/gumbo-php

Low-level PHP extension for HTML5

Primary LanguagePHPApache License 2.0Apache-2.0

Gumbo PHP

Gumbo PHP is low-level extension for HTML5 parsing.

Software License Build Status PHP 7 ready

Gumbo PHP builds DOMDocument using Gumbo HTML5 Parser. This solution solves all problems with HTML5 parsing or pages with inline JavaScript.

use Layershifter\Gumbo\Parser;

$document = Parser::load('<a>Apples and bananas.</a>');
var_dump($document->saveHTML());

string(33) "<a>Apples and bananas.</a>
"

Requirements

The following versions of PHP are supported.

  • PHP 5.6
  • PHP 7.0

Install

To build gumbo-php extenstion PHP-devel package is required. The package should contain phpize utility.

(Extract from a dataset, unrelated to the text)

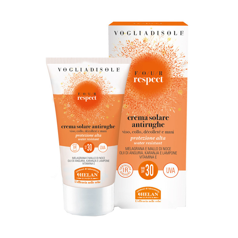 Crema solare antirughe con fattore di protezione alto, previene i danni del sole con un sistema filtrante efficiente, fotostabile e rispettoso della biodiversità marina, non solo per evitare le scottature (UVB) ma anche per ridurre il rischio di un precoce invecchiamento cutaneo (UVA).

$ git clone https://github.com/layershifter/gumbo-php.git
$ cd gumbo-php
$ phpize
$ ./configure
$ make
$ make install

This will build a 'gumbo.so' shared extension, load it in php.ini using:

[gumbo]
extension = gumbo.so

Known issues

  • double encoding of entities (#6)
$doc = \Layershifter\Gumbo\Parser::load('<h1>Hello&nbsp;world!</h1>');
var_dump($doc->saveHTML());

string "<h1>Hello&amp;nbsp;world!</h1>"

Testing

$ composer install
$ composer test

Sponsors

SORGE
SORGE - website tracking tool

License

This library is released under the Apache 2.0 license. Please see License File for more information.